→ Aim of the exercise
Line by line, retype the material below exactly, from its first line up to and including the one holding "Мотоциклетные шлемы из".

---+---

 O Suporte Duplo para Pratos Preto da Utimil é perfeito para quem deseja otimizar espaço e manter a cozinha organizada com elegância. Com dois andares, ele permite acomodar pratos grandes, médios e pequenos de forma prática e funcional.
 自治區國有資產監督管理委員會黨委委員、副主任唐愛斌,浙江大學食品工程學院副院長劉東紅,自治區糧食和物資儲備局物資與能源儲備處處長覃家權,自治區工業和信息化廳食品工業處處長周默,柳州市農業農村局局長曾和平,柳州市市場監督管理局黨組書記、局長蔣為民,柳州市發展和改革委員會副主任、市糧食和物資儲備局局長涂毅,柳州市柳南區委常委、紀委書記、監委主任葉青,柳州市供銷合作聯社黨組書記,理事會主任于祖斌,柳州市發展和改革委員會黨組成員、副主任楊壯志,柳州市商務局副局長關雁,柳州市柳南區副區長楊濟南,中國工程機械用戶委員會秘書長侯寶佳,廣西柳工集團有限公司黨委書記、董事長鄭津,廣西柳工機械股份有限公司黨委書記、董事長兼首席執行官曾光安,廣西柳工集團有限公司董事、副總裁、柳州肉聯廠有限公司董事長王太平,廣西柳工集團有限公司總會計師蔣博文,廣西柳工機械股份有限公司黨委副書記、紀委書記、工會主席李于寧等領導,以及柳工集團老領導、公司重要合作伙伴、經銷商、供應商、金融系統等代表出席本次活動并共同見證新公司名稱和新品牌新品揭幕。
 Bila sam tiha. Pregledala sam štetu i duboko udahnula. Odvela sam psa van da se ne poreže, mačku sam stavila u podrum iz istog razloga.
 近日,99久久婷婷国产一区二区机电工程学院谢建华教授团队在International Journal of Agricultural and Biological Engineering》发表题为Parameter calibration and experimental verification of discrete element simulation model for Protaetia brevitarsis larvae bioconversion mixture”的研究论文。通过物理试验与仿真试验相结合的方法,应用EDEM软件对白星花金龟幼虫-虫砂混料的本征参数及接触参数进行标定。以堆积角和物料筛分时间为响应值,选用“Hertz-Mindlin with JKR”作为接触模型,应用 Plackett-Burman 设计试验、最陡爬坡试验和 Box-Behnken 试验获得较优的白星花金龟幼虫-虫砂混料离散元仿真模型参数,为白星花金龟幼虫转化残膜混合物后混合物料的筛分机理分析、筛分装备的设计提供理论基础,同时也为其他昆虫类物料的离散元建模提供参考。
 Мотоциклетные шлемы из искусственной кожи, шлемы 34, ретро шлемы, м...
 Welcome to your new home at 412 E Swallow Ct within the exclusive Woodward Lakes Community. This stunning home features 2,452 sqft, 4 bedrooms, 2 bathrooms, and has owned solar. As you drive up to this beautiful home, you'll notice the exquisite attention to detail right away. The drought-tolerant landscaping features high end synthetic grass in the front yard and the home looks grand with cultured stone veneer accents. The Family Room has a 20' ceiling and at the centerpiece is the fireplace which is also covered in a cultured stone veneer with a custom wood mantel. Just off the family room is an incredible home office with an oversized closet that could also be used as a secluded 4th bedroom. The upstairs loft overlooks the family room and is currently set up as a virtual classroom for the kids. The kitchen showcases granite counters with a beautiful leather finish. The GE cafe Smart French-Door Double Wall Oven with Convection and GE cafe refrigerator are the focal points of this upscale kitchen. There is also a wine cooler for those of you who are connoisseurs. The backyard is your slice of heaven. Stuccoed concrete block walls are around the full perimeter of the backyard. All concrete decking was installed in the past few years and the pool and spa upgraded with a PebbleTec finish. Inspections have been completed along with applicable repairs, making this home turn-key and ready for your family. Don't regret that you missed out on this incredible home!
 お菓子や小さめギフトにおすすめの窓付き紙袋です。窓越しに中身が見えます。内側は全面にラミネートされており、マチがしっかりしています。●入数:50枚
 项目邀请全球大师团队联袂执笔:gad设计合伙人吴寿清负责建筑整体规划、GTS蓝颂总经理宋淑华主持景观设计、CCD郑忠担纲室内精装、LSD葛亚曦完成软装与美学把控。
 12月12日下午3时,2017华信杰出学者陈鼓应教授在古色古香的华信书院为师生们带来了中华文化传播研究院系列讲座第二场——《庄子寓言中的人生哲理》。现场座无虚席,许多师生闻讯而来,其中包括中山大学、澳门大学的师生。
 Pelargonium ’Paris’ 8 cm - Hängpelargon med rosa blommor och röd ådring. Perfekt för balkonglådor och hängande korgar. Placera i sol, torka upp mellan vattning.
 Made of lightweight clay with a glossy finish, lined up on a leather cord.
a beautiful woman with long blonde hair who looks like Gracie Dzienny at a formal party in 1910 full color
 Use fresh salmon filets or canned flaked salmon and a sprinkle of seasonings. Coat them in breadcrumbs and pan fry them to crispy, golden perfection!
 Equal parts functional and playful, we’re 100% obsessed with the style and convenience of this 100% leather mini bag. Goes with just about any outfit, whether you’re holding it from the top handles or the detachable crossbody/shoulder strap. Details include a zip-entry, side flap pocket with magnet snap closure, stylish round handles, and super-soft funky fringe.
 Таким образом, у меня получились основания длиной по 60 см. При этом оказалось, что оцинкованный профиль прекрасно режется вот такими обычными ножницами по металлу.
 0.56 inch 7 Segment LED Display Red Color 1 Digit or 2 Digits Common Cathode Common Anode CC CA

---+---

→ Answer box
 O Suporte Duplo para Pratos Preto da Utimil é perfeito para quem deseja otimizar espaço e manter a cozinha organizada com elegância. Com dois andares, ele permite acomodar pratos grandes, médios e pequenos de forma prática e funcional.
 自治區國有資產監督管理委員會黨委委員、副主任唐愛斌,浙江大學食品工程學院副院長劉東紅,自治區糧食和物資儲備局物資與能源儲備處處長覃家權,自治區工業和信息化廳食品工業處處長周默,柳州市農業農村局局長曾和平,柳州市市場監督管理局黨組書記、局長蔣為民,柳州市發展和改革委員會副主任、市糧食和物資儲備局局長涂毅,柳州市柳南區委常委、紀委書記、監委主任葉青,柳州市供銷合作聯社黨組書記,理事會主任于祖斌,柳州市發展和改革委員會黨組成員、副主任楊壯志,柳州市商務局副局長關雁,柳州市柳南區副區長楊濟南,中國工程機械用戶委員會秘書長侯寶佳,廣西柳工集團有限公司黨委書記、董事長鄭津,廣西柳工機械股份有限公司黨委書記、董事長兼首席執行官曾光安,廣西柳工集團有限公司董事、副總裁、柳州肉聯廠有限公司董事長王太平,廣西柳工集團有限公司總會計師蔣博文,廣西柳工機械股份有限公司黨委副書記、紀委書記、工會主席李于寧等領導,以及柳工集團老領導、公司重要合作伙伴、經銷商、供應商、金融系統等代表出席本次活動并共同見證新公司名稱和新品牌新品揭幕。
 Bila sam tiha. Pregledala sam štetu i duboko udahnula. Odvela sam psa van da se ne poreže, mačku sam stavila u podrum iz istog razloga.
 近日,99久久婷婷国产一区二区机电工程学院谢建华教授团队在International Journal of Agricultural and Biological Engineering》发表题为Parameter calibration and experimental verification of discrete element simulation model for Protaetia brevitarsis larvae bioconversion mixture”的研究论文。通过物理试验与仿真试验相结合的方法,应用EDEM软件对白星花金龟幼虫-虫砂混料的本征参数及接触参数进行标定。以堆积角和物料筛分时间为响应值,选用“Hertz-Mindlin with JKR”作为接触模型,应用 Plackett-Burman 设计试验、最陡爬坡试验和 Box-Behnken 试验获得较优的白星花金龟幼虫-虫砂混料离散元仿真模型参数,为白星花金龟幼虫转化残膜混合物后混合物料的筛分机理分析、筛分装备的设计提供理论基础,同时也为其他昆虫类物料的离散元建模提供参考。
 Мотоциклетные шлемы из искусственной кожи, шлемы 34, ретро шлемы, м...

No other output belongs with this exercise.